当時、ヨーロッパではドイツを中心とした新興勢力と、イギリスを中心とした勢力とがたがいにいがみあっていました。ドイツの工業力はイギリスをしのぐまでに伸びたのに、その売り先としてイギリスのような広大な植民地がありません。なんとかしてイギリスの植民地を手に入れたいと軍備をそなえてきました。そういう動きを察知したイギリスは、ロシアやフランスと同盟をはかり、ドイツに負けずに軍備をおこたりませんでした。
そのような時、ドイツと同盟をむすんでいたオーストリアの皇太子夫妻が、バルカン半島にあるオーストリアの領土となったばかりのボスニアでセルビア人に暗殺されるという事件がおきました。この事件の1ヵ月後、オーストリアはロシアの支援を受けているセルビアに宣戦を布告、すぐにロシアはオーストリアに、ドイツはロシアに戦いをいどみました。ドイツはさらに、ロシアと同盟をむすんでいるフランスが参戦する出鼻をくじこうと、中立国だったベルギーに侵入しました。しかし、これは国際法を踏みにじる行為だったため、イギリスもドイツに宣戦を布告しました。
こうしてドイツ、オーストリアの同盟軍、ロシア、フランス、イギリスの連合国軍の2派に別れ、世界の国々をそれぞれの味方にした第1次世界大戦が始まりました。イギリスと同盟を結んでいた日本も連合国側について戦いました。
戦局は一進一退、連合国側のロシアに革命がおきたこともあり、同盟国側がやや有利な展開でした。
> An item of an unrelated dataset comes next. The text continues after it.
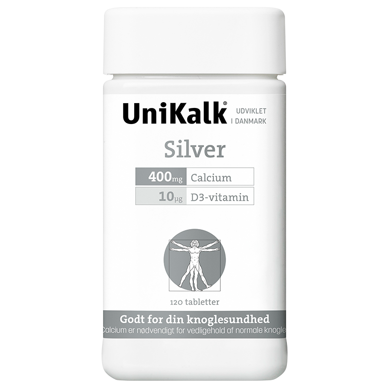 UniKalk Silver (120 kaps) er et kalk kosttilskud, der er fremstillet med Kalk 400 mg og D-vitamin 10 µg. Kalk er også kendt, som calcium er nødvendigt for vedligeholdelse af normale knogler samt tænder.

しかし、1917年にアメリカが連合国側に参戦したのがきっかけとなって、翌年、5年にわたる壮絶な戦いは連合国側の勝利に終わりました。
しかし、ベルサイユ講和条約で連合国側のドイツにつきつけた賠償は、ドイツを完膚なきまでにやっつけるほどの厳しいものでした。それが、第2次世界大戦をひきおこす火種となってしまったことを忘れてはなりません。